L'esprit dans l'histoire: Recherches et curiosités sur les mots historiques
LII
L'on a douté quelquefois de la réalité du mot si chevaleresque, si français, c'est tout dire, que M. le comte d'Auteroches, lieutenant des grenadiers, adressa à lord Charles Hay et à ses gardes anglaises, le jour de la bataille de Fontenoy: Messieurs les Anglais, tirez les premiers. M. Alexis de Valon, quoiqu'il soit de ceux qui doutent, en a fait, dans un article de la Revue des Deux-Mondes[553], l'objet d'une chaleureuse digression tout à l'honneur des vaillantes vertus de l'ancienne armée de France. Quant à moi, je tiens le mot de M. d'Auteroches pour très authentique, surtout si on le ramène à l'exacte réalité. Les deux troupes sont en présence. Lord Hay crie en s'avançant hors des rangs: «Messieurs les gardes françaises, tirez.» M. d'Auteroches alors va à sa rencontre, et le saluant de l'épée: «Monsieur, lui dit-il, nous ne tirons jamais les premiers; tirez vous-mêmes[554].»
[553] Numéro du 1er fév. 1851.
[554] Le marquis de Valfons, dans ses Souvenirs, Paris, E. Dentu, 1860, in-18, p. 143, raconte ainsi le fait dont il avait été témoin: «Cet engagement se fit à distance si rapprochée que les officiers anglais, au moment d'arrêter leur troupe, nous saluèrent le chapeau à la main; les nôtres ayant répondu de même à cette courtoisie, un capitaine des gardes anglaises, qui était lord Charles Hay, sortit de son rang et s'avança. Le comte d'Auteroches, lieutenant des grenadiers, se porta alors au-devant de lui. «Monsieur, dit le capitaine, faites donc tirer vos gens.—Non, Monsieur, répondit d'Auteroches, nous ne tirons jamais les premiers.» Et s'étant de nouveau salués, ils rentrèrent chacun à son rang. Le feu des Anglais commença aussitôt, et d'une telle vivacité, qu'il nous en coûta plus de mille hommes du coup, et qu'il s'ensuivit un grand désordre.»

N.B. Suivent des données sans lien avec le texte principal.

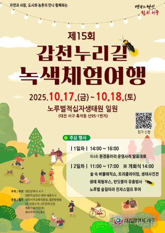 시민행정신문 김학영 기자 | 대전 서구는 이달 17일부터 18일까지 노루벌 적십자생태원에서 자연과 환경을 사랑하는 시민들을 위한 ‘제15회 갑천누리길 녹색체험여행’을 대한적십자사 대전·세종지사와 공동으로 개최한다.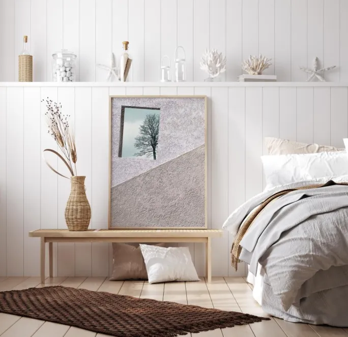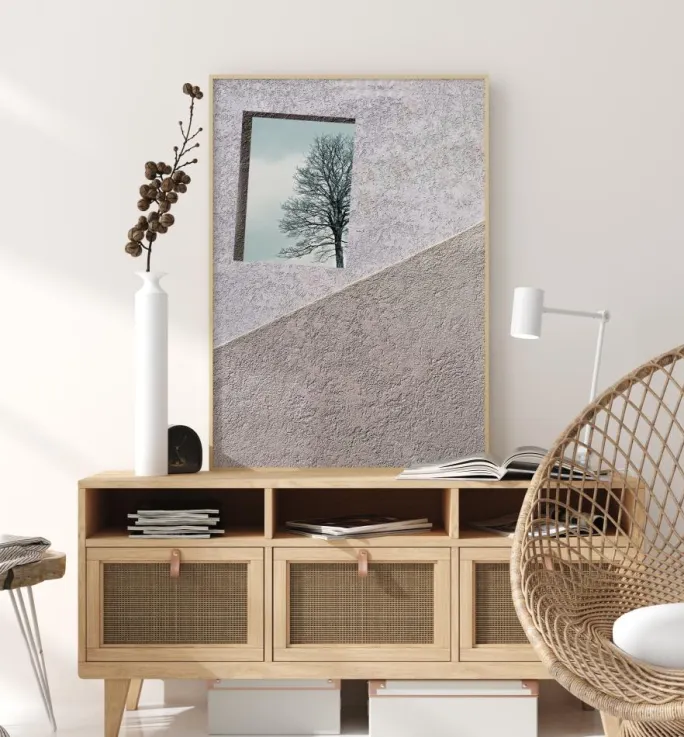 En delikat plakat af lyserød og brun væg. Den groft pudsede væg er delt i to dele, På den lyserøde side af væggen kan man se en skyblå himmel med et træ i forgrunden, mens den brune væg er nøgen. Et kreativt billede til ethvert moderne hjem.

Or, c'était de tradition dans l'armée: on laissait toujours, par courtoisie, l'avantage du premier feu à l'ennemi.
Ici la nation qui a établi cet usage chevaleresque n'a pas droit à moins d'honneur que l'officier qui l'a si bien mis en pratique.
M. d'Auteroches n'est pas célèbre que par ce mot-là. C'est lui qui dit encore, à propos du siège de Maëstricht, à quelqu'un qui prétendait que la ville était imprenable: «Ce mot-là, Monsieur, n'est pas français[555].» C'est ce qu'on a dit depuis pour impossible.
[555] Je doute cependant un peu de l'anecdote; je ne la trouve que dans un livre assez peu sûr: Paris, la Cour et les Provinces, par Dugast-Dubois de Saint-Just (t. Ier, p. 6). Je n'ai pas la moindre confiance dans ce recueil, depuis que j'y ai trouvé (t. II, p. 53-54) certaine anecdote sur le mot ZESTE du Dictionnaire de Richelet, dont j'ai démontré sans peine la fausseté dans une note des Variétés histor. et littér., t. IX, p. 20.—J'ajouterai que d'ailleurs l'anecdote sur imprenable courait avant M. d'Auteroches et le siège de Maëstricht. Dans un recueil ms. de la Biblioth. nation., fs fr., nº 10434, fol. 18, je la trouve attribuée au duc de Bourbon, en 1744, devant une place du Piémont.